### ENTRIES SHOWN ###

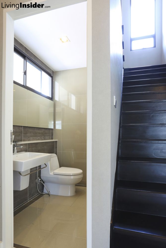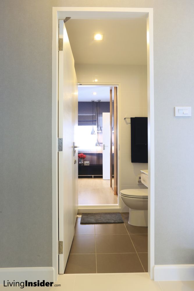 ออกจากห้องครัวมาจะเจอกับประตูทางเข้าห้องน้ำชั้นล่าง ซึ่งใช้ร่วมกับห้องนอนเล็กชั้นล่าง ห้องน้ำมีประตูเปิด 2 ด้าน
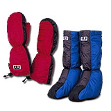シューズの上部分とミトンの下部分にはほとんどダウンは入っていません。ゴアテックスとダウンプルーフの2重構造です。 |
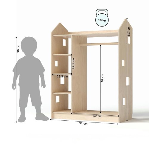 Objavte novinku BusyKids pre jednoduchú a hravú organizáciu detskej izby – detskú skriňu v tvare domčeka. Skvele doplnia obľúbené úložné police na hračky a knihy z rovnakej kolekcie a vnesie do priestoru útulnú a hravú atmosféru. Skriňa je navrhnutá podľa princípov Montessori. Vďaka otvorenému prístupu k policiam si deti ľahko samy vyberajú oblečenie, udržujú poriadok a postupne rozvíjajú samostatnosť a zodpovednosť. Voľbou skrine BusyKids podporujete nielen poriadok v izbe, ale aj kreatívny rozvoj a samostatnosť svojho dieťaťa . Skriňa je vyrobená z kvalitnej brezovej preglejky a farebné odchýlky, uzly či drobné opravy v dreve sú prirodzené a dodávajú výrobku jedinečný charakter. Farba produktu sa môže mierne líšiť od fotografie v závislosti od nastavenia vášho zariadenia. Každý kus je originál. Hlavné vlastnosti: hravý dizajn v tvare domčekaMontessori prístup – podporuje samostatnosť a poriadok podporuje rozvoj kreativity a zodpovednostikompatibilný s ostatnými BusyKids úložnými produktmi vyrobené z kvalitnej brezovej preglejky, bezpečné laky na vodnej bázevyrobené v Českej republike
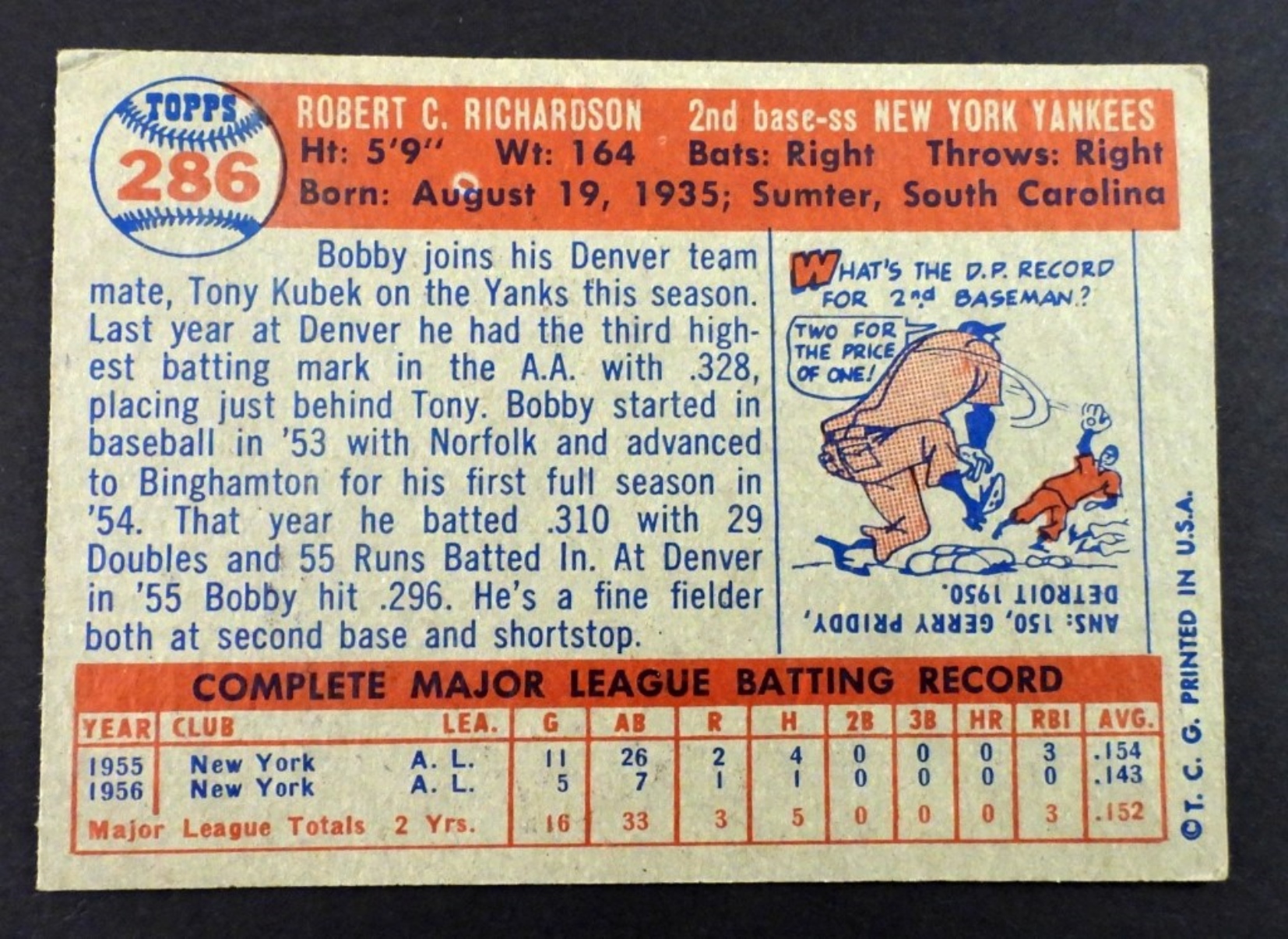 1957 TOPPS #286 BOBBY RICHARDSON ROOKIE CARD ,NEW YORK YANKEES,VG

###
### ENTRIES SHOWN ###

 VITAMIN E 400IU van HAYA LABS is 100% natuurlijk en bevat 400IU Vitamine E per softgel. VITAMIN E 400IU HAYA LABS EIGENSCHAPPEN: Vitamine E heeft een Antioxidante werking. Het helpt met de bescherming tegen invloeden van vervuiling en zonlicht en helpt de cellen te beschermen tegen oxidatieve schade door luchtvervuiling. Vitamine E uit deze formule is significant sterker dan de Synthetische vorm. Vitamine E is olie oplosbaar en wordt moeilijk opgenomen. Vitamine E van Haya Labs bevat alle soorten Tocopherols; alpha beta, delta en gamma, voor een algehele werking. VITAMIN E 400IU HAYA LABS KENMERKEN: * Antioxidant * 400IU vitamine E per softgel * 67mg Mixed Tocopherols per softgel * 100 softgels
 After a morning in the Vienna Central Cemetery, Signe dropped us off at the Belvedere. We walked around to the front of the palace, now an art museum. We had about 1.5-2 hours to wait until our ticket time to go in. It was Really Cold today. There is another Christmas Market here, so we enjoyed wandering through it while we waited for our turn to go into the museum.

###

[TASK]
Between and including the line above that contains "ห้องน้ำมีประตูเปิด 2 ด้าน" and the line that contains "シューズの上部分とミトンの下", restate every line word for word. Pictures stay out.

[EXERCISE ANSWER]
 ออกจากห้องครัวมาจะเจอกับประตูทางเข้าห้องน้ำชั้นล่าง ซึ่งใช้ร่วมกับห้องนอนเล็กชั้นล่าง ห้องน้ำมีประตูเปิด 2 ด้าน
シューズの上部分とミトンの下部分にはほとんどダウンは入っていません。ゴアテックスとダウンプルーフの2重構造です。 |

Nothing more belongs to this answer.